Datacenter Network Failures

Datacenter networks are subject to power failure, misconfiguration, firmware bugs, topology changes, cable damage, and malicious traffic. Their failure modes are accordingly diverse.

As Microsoft’s SIGCOMM paper suggests, redundancy does not always prevent link failure. When a power distribution unit failed and took down one of two redundant top-of-rack switches, Fog Creek lost service for a subset of customers on that rack but remained consistent and available for most users. However, the other switch in that rack also lost power for undetermined reasons. That failure isolated the two neighboring racks from each other, taking down all On Demand services.

During a planned network reconfiguration to improve reliability, Fog Creek suddenly lost access to its network.¹⁰

A network loop had formed between several switches. The gateways controlling access to the switch management network were isolated from each other, generating a split-brain scenario. Neither was accessible due to a … multi-switch BPDU (bridge protocol data unit) flood, indicating a spanning-tree flap.
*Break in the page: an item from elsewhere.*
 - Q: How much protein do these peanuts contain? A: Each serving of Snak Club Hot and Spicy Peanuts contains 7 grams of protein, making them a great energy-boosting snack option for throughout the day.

This is most likely what was changing the loop domain.

According to the BPDU standard, the flood should not have happened. But it did, and this deviation from the system’s assumptions resulted in two hours of total service unavailability.
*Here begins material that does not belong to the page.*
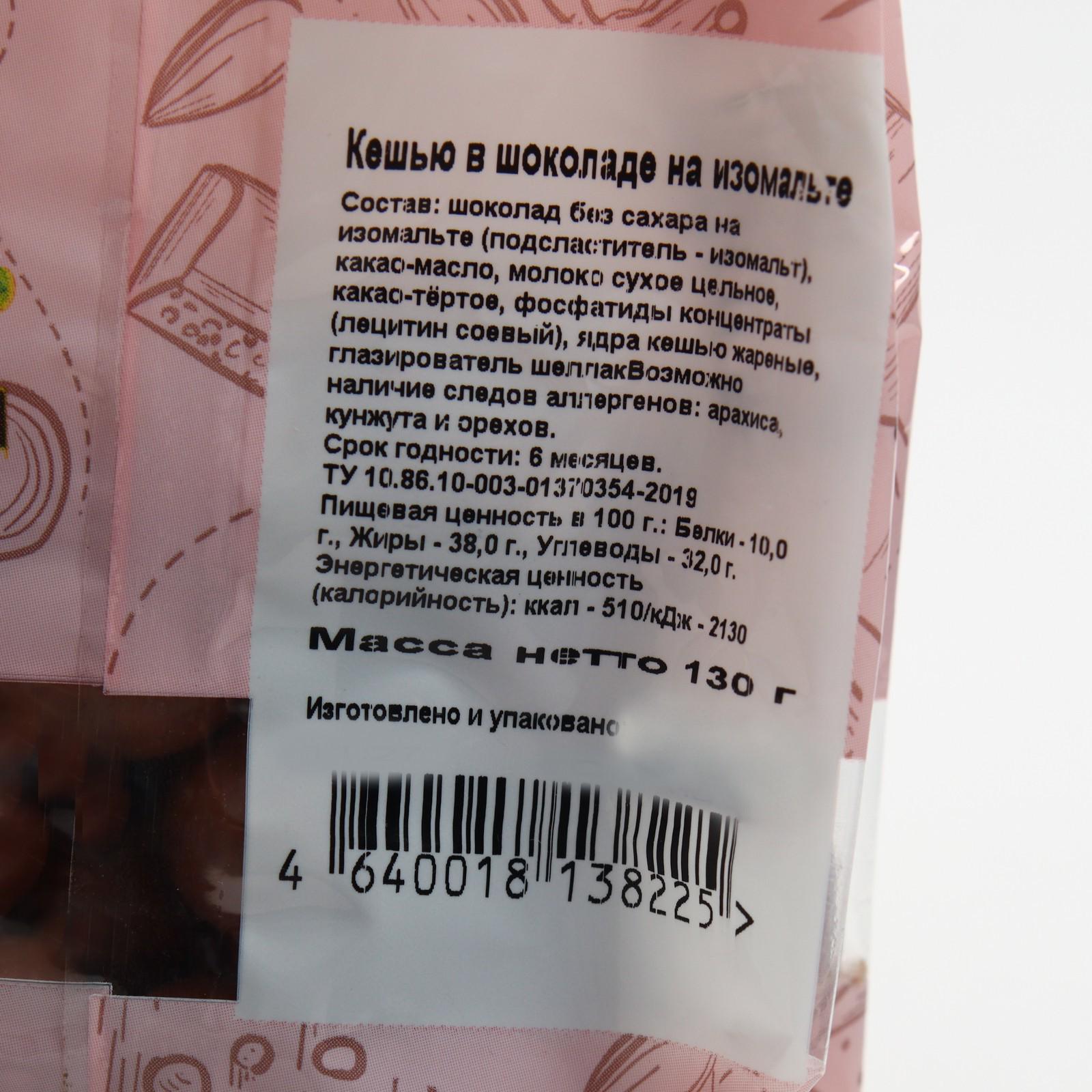 Бездиет Кешью в шоколаде на изомальте 130 г

To address high latencies caused by a daisy-chained network topology, Github installed a set of aggregation switches in its datacenter (https://github.com/blog/1346-network-problems-last-friday). Despite a redundant network, the installation process resulted in bridge loops, and switches disabled links to prevent failure. This problem was quickly resolved, but later investigation revealed that many interfaces were still pegged at 100% capacity.

While that problem was under investigation, a misconfigured switch triggered aberrant automatic fault detection behavior: when one link was disabled, the fault detector disabled all links, leading to 18 minutes of downtime. The problem was traced to a firmware bug preventing switches from updating their MAC address caches correctly, forcing them to broadcast most packets to every interface.

In December 2012, a planned software update on an aggregation switch caused instability at Github (https://github.com/blog/1364-downtime-last-saturday). To collect diagnostic information, the network vendor killed a particular software agent running on one of the aggregation switches.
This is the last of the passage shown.